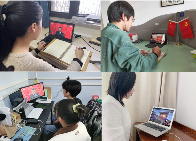 党委组织党委中心组成员、学院办公室和实验室的全体人员以及研究生和本科生代表在主A楼501集中收看党的二十大开幕会,认真聆听习近平同志代表中国共产党第十九届中央委员会向大会所作的报告。学院其他师生在办公室、工作室或在家在宿舍自行收看开幕会盛况。开幕会结束后,各支部推荐上报了支部党员的简短收看感言,学院党委汇总后迅疾上报给校党委宣传部。
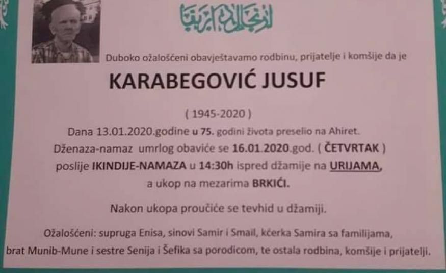 Na Ahiret preselio Karabegović Jusuf
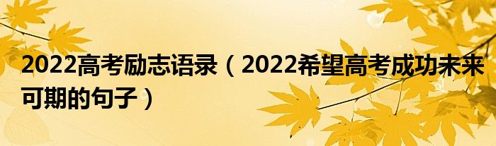 大家好,小高來為大家解答以上問題。2022高考勵志語錄,2022希望高考成功未來可期的句子很多人還不知道,現(xiàn)在讓我們一起來看看吧!
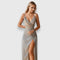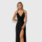 Тази впечатляваща рокля предлага прозрачност и елегантен вид. С тънки презрамки, набрана част на бюста и забележителен разкрой, тя е идеален избор за официални поводи и специални изяви, когато искаш да се откроиш.
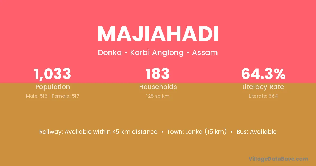 Lanka (15 km) is the nearest town to Majiahadi village for major economic activities and is located approximately 15 km away.

******************************

Prompt :: The line containing "Тази впечатляваща рокля" and every line after it, up to the last line of the data, should be returned exactly, without the pictures.

Answer section ::
 Тази впечатляваща рокля предлага прозрачност и елегантен вид. С тънки презрамки, набрана част на бюста и забележителен разкрой, тя е идеален избор за официални поводи и специални изяви, когато искаш да се откроиш.
 Lanka (15 km) is the nearest town to Majiahadi village for major economic activities and is located approximately 15 km away.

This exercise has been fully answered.